Warum dann der ganze Aufwand mit einem speziell eingerichteten Militärgericht außerhalb der Vereinigten Staaten, der US-Jurisdiktion entzogen und so leicht unter dem Verdacht eines parteiischen Tribunals? Vor allem, da US-Gerichte schon reichhaltige Erfahrung mit der Verhandlung von Terrorismus-Vorwürfen hatten. Douglas meint, dass auch diese Entscheidung wieder extrem früh in der Bush-Administration gefällt wurde. Bereits im November 2001 sei beschlossen worden, Gefangene außerhalb sog. Article III courts, also normaler Gerichte, zur Rechenschaft zu ziehen.

Der Grund? Douglas meint dazu: "Sie waren besorgt, dass vertrauliche Dokumente an die Öffentlichkeit geraten könnten, zudem können Beweise, die als "Hörensagen" gelten, vor normalen Gerichten nicht verwendet werden." Military Commissions können diese zulassen. Letztlich scheint es so, dass eben auch Beweise, die unter Folter zustande gekommen sind, als zulässig betrachtet werden sollten.   

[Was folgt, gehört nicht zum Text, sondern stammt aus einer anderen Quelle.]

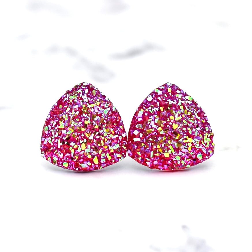 The setting refers to the metal part of the earring. Posts are centered on the backs of each earring. Settings are nickel and lead-free.

Außerdem müssen die Beweise nicht unbedingt den Angeklagten vorgelegt werden, eine Revision ist kaum möglich. Doch auch hier entschied das oberste Gericht der USA, dass solche Verfahren unzulässig seien. Daraufhin wurden die Kommissionen 2005 neu gebildet. Sie sehen nun ähnlicher aus, fast wie normale Gerichte der US-Justiz. "Von fast and dirty hin zu einem relativ normalen Verfahren", meint Douglas.

Dass die Angeklagten nicht vor normalen Gerichten in den USA angeklagt wurden hält Douglas für reine Politik: "Man kann nicht viel gewinnen, wenn man Terrorverdächtige besser behandelt. In der öffentlichen Wahrnehmung sind die Militärgerichte härter als Artikel III-Gerichte, auch wenn das nicht einmal zutrifft", sagt Douglas weiter. Andererseits: "Hörensagen" ist dort immer noch zugelassen. 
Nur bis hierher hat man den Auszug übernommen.